Copy out the full listing exactly, omitting any picture it contains.

§ **Data extract**:
---
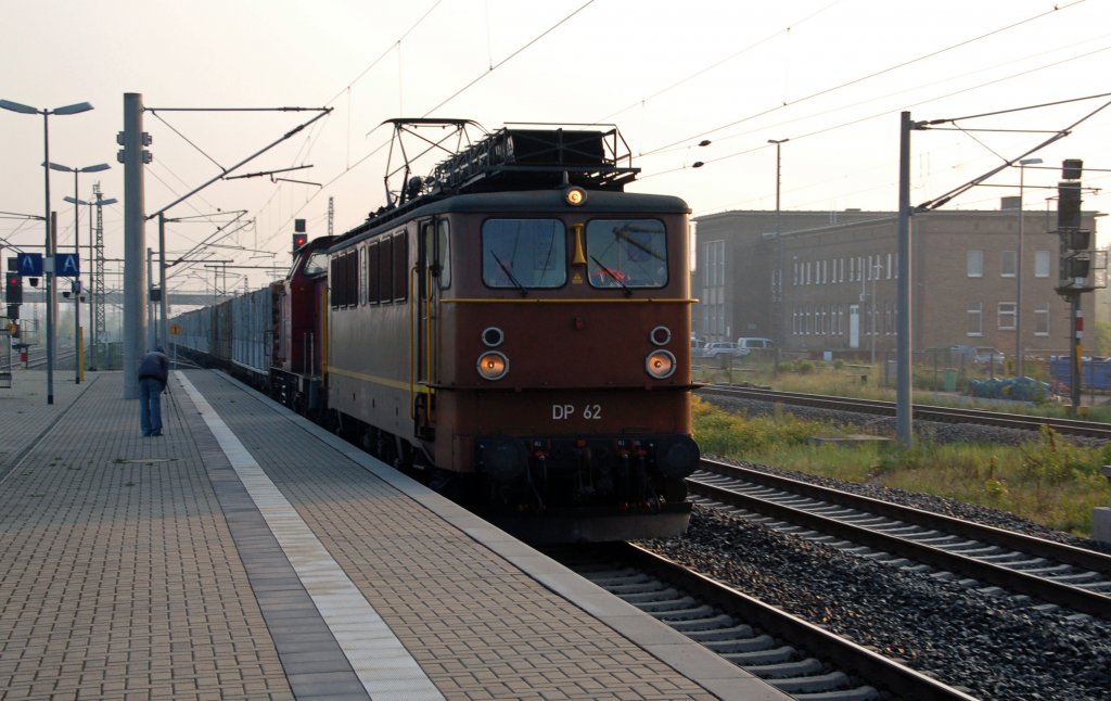DP 62 und eine Kubecon-V 100 fahren am 29.05.10 mit einem Holzzug durch Bitterfeld Richtung Halle oder Leipzig.
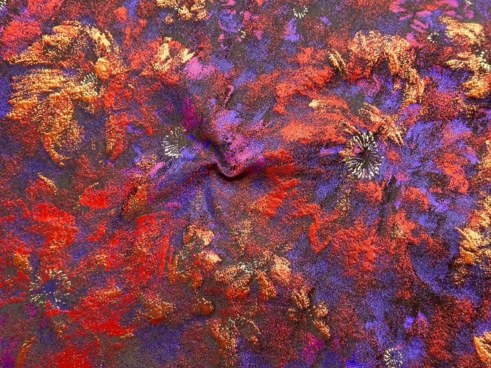 Žakard Frida ružovo-fialový "zlato-červené kvety"
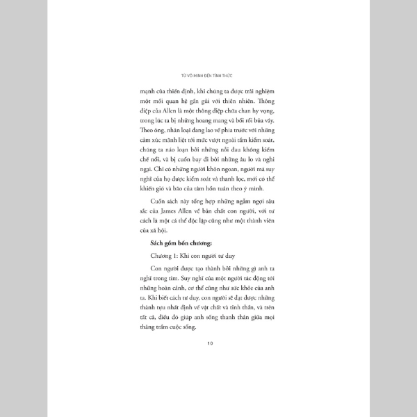 Mã hàng 8936066698719 Tên Nhà Cung Cấp 1980 Books Tác giả James Allen NXB Thanh Niên Năm XB 2024 Ngôn Ngữ Tiếng Việt Trọng lượng (gr) 300 Kích Thước Bao Bì 20.5 x 13 x 1.66 cm Số trang 332 Hình thức Bìa Mềm Từ Vô Minh Đến Tỉnh Thức “Mỗi hạt giống suy nghĩ được gieo vào tâm trí và bén rễ ở đó sẽ tự sinh trưởng và nở hoa thành hành động, rồi tạo nên những cơ hội và hoàn cảnh cụ thể. Ý nghĩ tốt lành đậu quả ngọt thơm, ý nghĩa xấu xa đậu quả mục rỗng”. As a man thinketh – Từ vô minh đến tỉnh thức là tuyển tập những tác phẩm nổi tiếng nhất của triết gia thiên tài người Anh – James Allen. Cuốn sách này là những dòng suy ngẫm của tác giả về bản chất con người, với tư cách là một cá thể độc lập cũng như một thành viên của xã hội. Thế giới bên ngoài, rực rỡ, đẹp đẽ hay tăm tối xấu xa, hoàn toàn phụ thuộc vào cách ta nuôi dưỡng thế giới nội tâm của mình. Trong hành trình vun xới cho khu vườn tâm trí ấy, liệu ta có biếng lười mà thả mình theo những cám dỗ ngọt ngào hiểm ác, hay sẽ can đảm lựa chọn một con đường dẫu gian lao nhưng lương thiện, trong sáng và được ban phước lành? Về tác giả: James Allen (1864 – 1912) là một người bí ẩn trong giới sách vở, nhưng những bài viết đầy cảm hứng của ông đã tác động đến hàng triệu người. Những chiêm nghiệm sâu sắc của ông về nội tâm con người - cụ thể là cách con người suy nghĩ, cảm nhận và tu dưỡng đạo đức - vẫn còn nguyên giá trị và thường xuyên được trích dẫn lại, ngay cả khi những cuốn sách ông viết đã được xuất bản cách đây hơn một trăm năm, trong những năm đầu tiên của thế kỷ 20. James Allen hướng tới sống một cuộc đời lý tưởng theo miêu tả của tiểu thuyết gia vĩ đại người Nga Lev Tolstoy, một cuộc sống tự nguyện nghèo khó, đề cao lao động chân tay và gìn giữ kỷ luật một cách khổ hạnh. Giống như Tolstoy, Allen tìm cách cải thiện bản thân mình, biết hạnh phúc và trở thành một con người toàn diện về đạo đức. Những tác phẩm của Allen một mặt thể hiện ảnh hưởng của chủ nghĩa Tin lành tự do và mặt khác thể hiện tư tưởng Phật giáo. Allen tập trung vào sức mạnh của mỗi cá nhân trong việc hình thành tính cách và tạo ra hạnh phúc cho chính mình. Ông nói, tư duy và tính cách là một, và vì tính cách chỉ có thể tự bộc lộ thông qua môi trường và hoàn cảnh, nên các điều kiện bên ngoài của cuộc sống một người sẽ luôn liên quan một cách hài hòa với nội tâm của họ. Những lời khen tặng “Đến ngày hôm nay, tác phẩm của James Allen về sức mạnh của tâm trí vẫn giá trị như khi nó được viết ra một thế kỷ trước.” “As a Man Thinketh là một cuốn sách cách mạng giúp mang tới nhận thức về sức mạnh của tiềm thức, thành tựu và những suy nghĩ tích cực”  “As a Man Thinketh là một cuốn sách ngắn nhưng có khả năng và sẽ thay đổi cuộc đời bạn.”
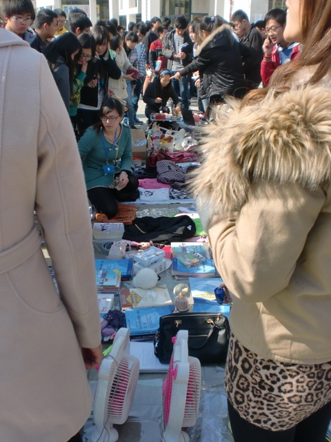 活动现场,同学们纷纷拿来自己暂时用不上的东西出售,书籍、日用品、二手电风扇、衣物等琳琅满目。吸引了不少买家前来捧场,摊位过道间挤满了前来“淘宝”的淘客。
---
§ **Output for this exercise**:
DP 62 und eine Kubecon-V 100 fahren am 29.05.10 mit einem Holzzug durch Bitterfeld Richtung Halle oder Leipzig.
 Žakard Frida ružovo-fialový "zlato-červené kvety"
 Mã hàng 8936066698719 Tên Nhà Cung Cấp 1980 Books Tác giả James Allen NXB Thanh Niên Năm XB 2024 Ngôn Ngữ Tiếng Việt Trọng lượng (gr) 300 Kích Thước Bao Bì 20.5 x 13 x 1.66 cm Số trang 332 Hình thức Bìa Mềm Từ Vô Minh Đến Tỉnh Thức “Mỗi hạt giống suy nghĩ được gieo vào tâm trí và bén rễ ở đó sẽ tự sinh trưởng và nở hoa thành hành động, rồi tạo nên những cơ hội và hoàn cảnh cụ thể. Ý nghĩ tốt lành đậu quả ngọt thơm, ý nghĩa xấu xa đậu quả mục rỗng”. As a man thinketh – Từ vô minh đến tỉnh thức là tuyển tập những tác phẩm nổi tiếng nhất của triết gia thiên tài người Anh – James Allen. Cuốn sách này là những dòng suy ngẫm của tác giả về bản chất con người, với tư cách là một cá thể độc lập cũng như một thành viên của xã hội. Thế giới bên ngoài, rực rỡ, đẹp đẽ hay tăm tối xấu xa, hoàn toàn phụ thuộc vào cách ta nuôi dưỡng thế giới nội tâm của mình. Trong hành trình vun xới cho khu vườn tâm trí ấy, liệu ta có biếng lười mà thả mình theo những cám dỗ ngọt ngào hiểm ác, hay sẽ can đảm lựa chọn một con đường dẫu gian lao nhưng lương thiện, trong sáng và được ban phước lành? Về tác giả: James Allen (1864 – 1912) là một người bí ẩn trong giới sách vở, nhưng những bài viết đầy cảm hứng của ông đã tác động đến hàng triệu người. Những chiêm nghiệm sâu sắc của ông về nội tâm con người - cụ thể là cách con người suy nghĩ, cảm nhận và tu dưỡng đạo đức - vẫn còn nguyên giá trị và thường xuyên được trích dẫn lại, ngay cả khi những cuốn sách ông viết đã được xuất bản cách đây hơn một trăm năm, trong những năm đầu tiên của thế kỷ 20. James Allen hướng tới sống một cuộc đời lý tưởng theo miêu tả của tiểu thuyết gia vĩ đại người Nga Lev Tolstoy, một cuộc sống tự nguyện nghèo khó, đề cao lao động chân tay và gìn giữ kỷ luật một cách khổ hạnh. Giống như Tolstoy, Allen tìm cách cải thiện bản thân mình, biết hạnh phúc và trở thành một con người toàn diện về đạo đức. Những tác phẩm của Allen một mặt thể hiện ảnh hưởng của chủ nghĩa Tin lành tự do và mặt khác thể hiện tư tưởng Phật giáo. Allen tập trung vào sức mạnh của mỗi cá nhân trong việc hình thành tính cách và tạo ra hạnh phúc cho chính mình. Ông nói, tư duy và tính cách là một, và vì tính cách chỉ có thể tự bộc lộ thông qua môi trường và hoàn cảnh, nên các điều kiện bên ngoài của cuộc sống một người sẽ luôn liên quan một cách hài hòa với nội tâm của họ. Những lời khen tặng “Đến ngày hôm nay, tác phẩm của James Allen về sức mạnh của tâm trí vẫn giá trị như khi nó được viết ra một thế kỷ trước.” “As a Man Thinketh là một cuốn sách cách mạng giúp mang tới nhận thức về sức mạnh của tiềm thức, thành tựu và những suy nghĩ tích cực”  “As a Man Thinketh là một cuốn sách ngắn nhưng có khả năng và sẽ thay đổi cuộc đời bạn.”
 活动现场,同学们纷纷拿来自己暂时用不上的东西出售,书籍、日用品、二手电风扇、衣物等琳琅满目。吸引了不少买家前来捧场,摊位过道间挤满了前来“淘宝”的淘客。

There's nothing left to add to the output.